For instance, Ito’s eerie artwork perfectly captures this narrative’s unsettling nature. From the oppressive landscapes to the grotesque character designs, you’ll always feel a sense of dread while observing this one-shot’s many panels. Its atmospheric tension builds gradually, allowing readers to experience a gripping and spine-chilling journey as the characters are drawn closer to the Amigara Fault’s mystery.

In addition to presenting audiences with existential questions concerning identity, purpose, and the lengths people will go to secure those aspects, this is a tale many horror fanatics should read at least once. 

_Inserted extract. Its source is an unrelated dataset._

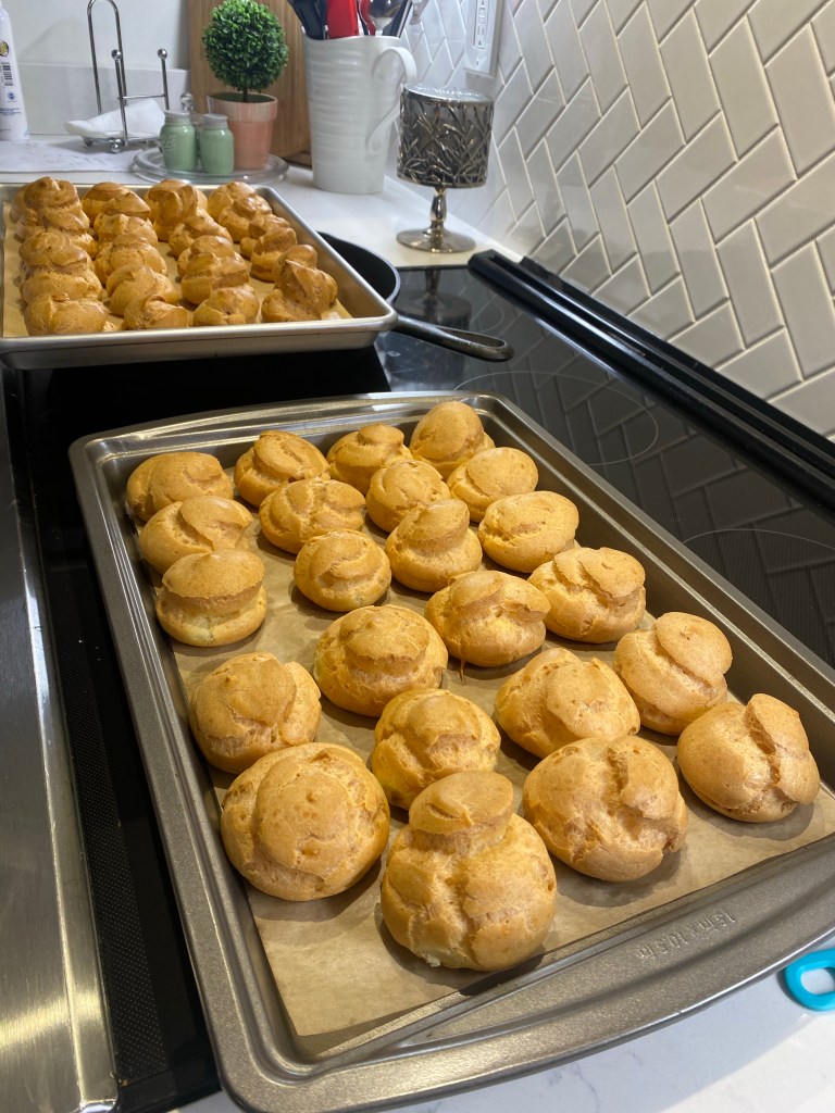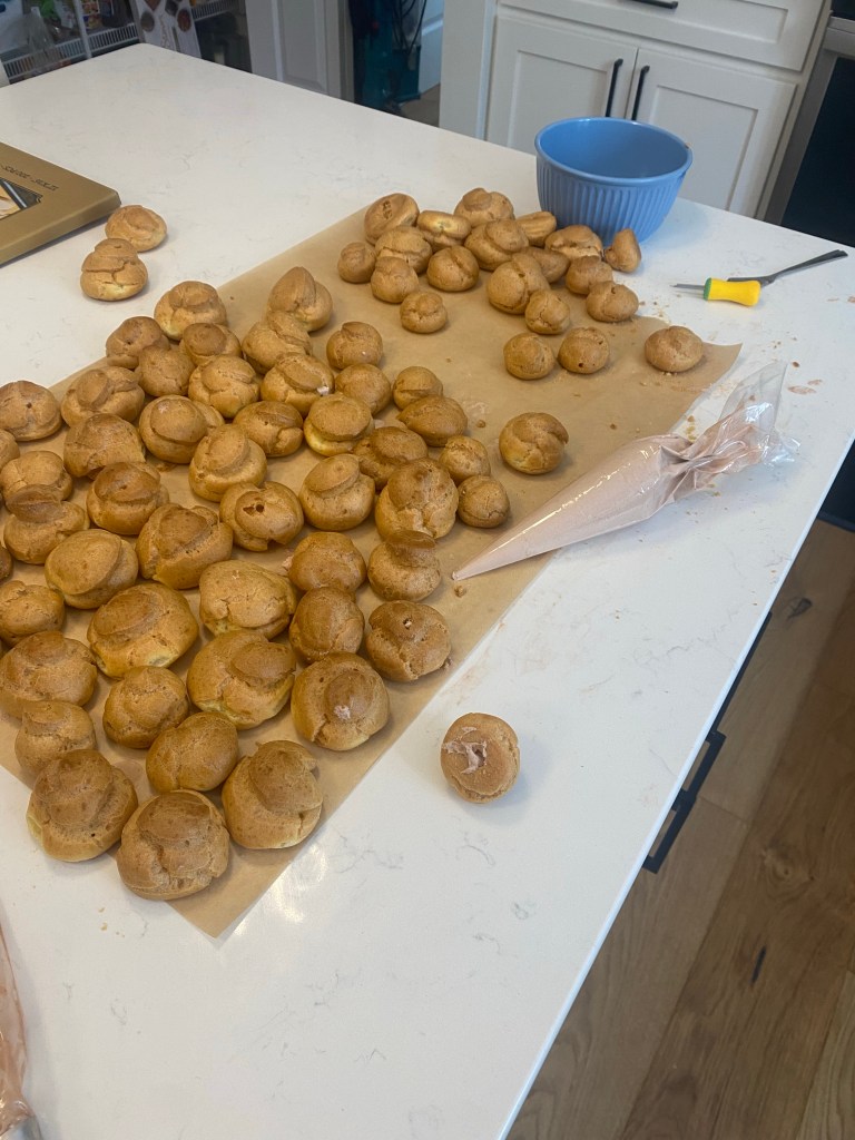 I made the dough several days in advance which I’d do again though I’d store it differently if I weren’t making it all on the same day. Ah the pâte à choux. I love to say it – so French. This is the type of pastry dough used for cream puffs and eclairs. It came together much easier than I thought. It’s an interesting dough as you cook it on the stovetop and then you use the stand mixer to beat and cool off the dough before incorporating a sh*t ton of eggs (11 large in my recipe) until it’s smooth and silky and ready to pipe into shapes – in this case 1-1.5 inch circles. When they bake they puff up in the oven. I should have used a template, but I was lazy. I just made as many puffs as I could from the recipe I used. I had about 70 puffs I think.

One-Armed Amy – Shun Akagi

One-Armed Amy is a short and enjoyable one-shot that’s worth your time. It follows a living doll named Amy and explores her life with her father. Interestingly, it’s told from a first-person POV, giving viewers a glimpse at the world from Amy’s eyes. Amy receives wonderful development throughout the tale, but some may be disappointed with the side characters’ lack of focus. 

Nonetheless, this tale gives Amy some fun activities to participate in that are wholesome at their core. From her interactions with wildlife to the conversations with her father, you’ll adore the amount of material Shun Akagi crams in this short tale. The artwork is impeccable and cute. Many will adore Amy’s expressions and reactions to things, as it captures the joys of being young well.

If you’re looking for something that’s short, sweet, and somewhat dramatic, check this out. 

A Silent Voice – Yoshitoki Ooima

For those who need something that will hit their hearts hard, Yoshitoki Ooima’s A Silent Voice will do the trick. This one-shot explores themes of redemption, empathy, and forgiveness. It gives readers a solid stance on bullying and how much of an impact it can have on the person receiving the torture and the one who dishes it out. 

The story follows Shoya as he wrestles with guilt over bullying his classmate Shouko for being deaf. Ooima delves into the complex emotions experienced from both sides, highlighting our cast’s struggles and growth throughout the narrative.

With its evocative imagery, important handling of social issues, and excellent character development, A Silent Voice delivers an emotionally charged tale that you should read!

So, there we have it, our picks for the best one-shot manga through the years!